I posted a picture of my meter below. My interpretation of the reading shown is that it is 70924.32 kWh. This is based on the 5 main digits in black and white and the digit in the box with the red square, labelled "1/10". 

My question is in relation to the red and white digit just to the right of the "1 kWh" main digit. i.e. in the picture shown it is 5, with the top of the 6 just appearing at the bottom.

Does anyone know what that digit is for? Thanks

http://imageshack.us/photo/my-images/717/img0643f.jpg/[broken link removed]


----------



## alexandra123 (17 May 2011)

I think it represents the dial on how far it is to the 1 kwh.

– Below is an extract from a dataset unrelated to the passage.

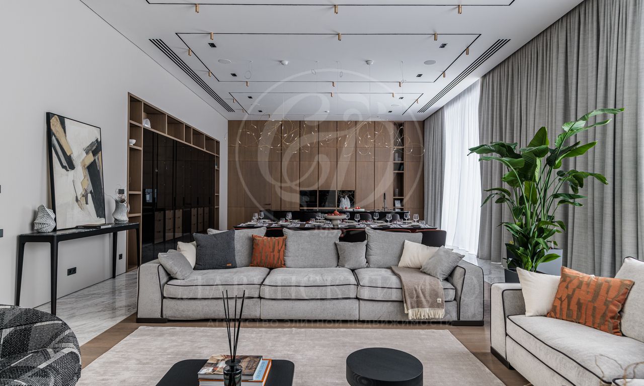 Стильная гостиная сочетает современный дизайн и комфорт. Уникальная световая установка на потолке добавляет динамичности, а минималистичные полки и декоративные элементы завершают образ, подчеркивая утонченность интерьера.

For example if it read .5 it means that it would be half way to 1 kwh so it represents .5 of a kwh.
70,924.5 kwh


----------



## Guest125 (17 May 2011)

I don't think you understand what the meter does. It measures the Total amount units consumed in the premises since the meter was installed and the electricity connected. In the case of your photograph the premises has used seventy thousand nine hundred and twenty four units(ignoring the red box,which only measures tenths of a unit) Kw/h is the electrical term for a unit. I think this is what you need [broken link removed]


----------



## PolkaDot (17 May 2011)

No in theory if I take a reading at time X and then a reading at time X+1hour, I can see how much the meter has increased by in that hour.

I realise that the total number is the amount of electricity consumed since first installation. I'm trying to calculate difference in readings.


----------



## PolkaDot (17 May 2011)

alexandra123 said:


> I think it represents the dial on how far it is to the 1 kwh. For example if it read .5 it means that it would be half way to 1 kwh so it represents .5 of a kwh.
> 70,924.5 kwh



I don't think that's correct. The box with the read square marked "1/10" is a tenth of a kWh. This dial rotates quicker than any of the other dials. One full revolution of this dial corresponds to an increase of 1kWh on the main reading. I have checked this.

The red and white digit at the end of the main reading rotates at a similar rate to the 1kWh digit. So it can't be a tenth of a kWh.


----------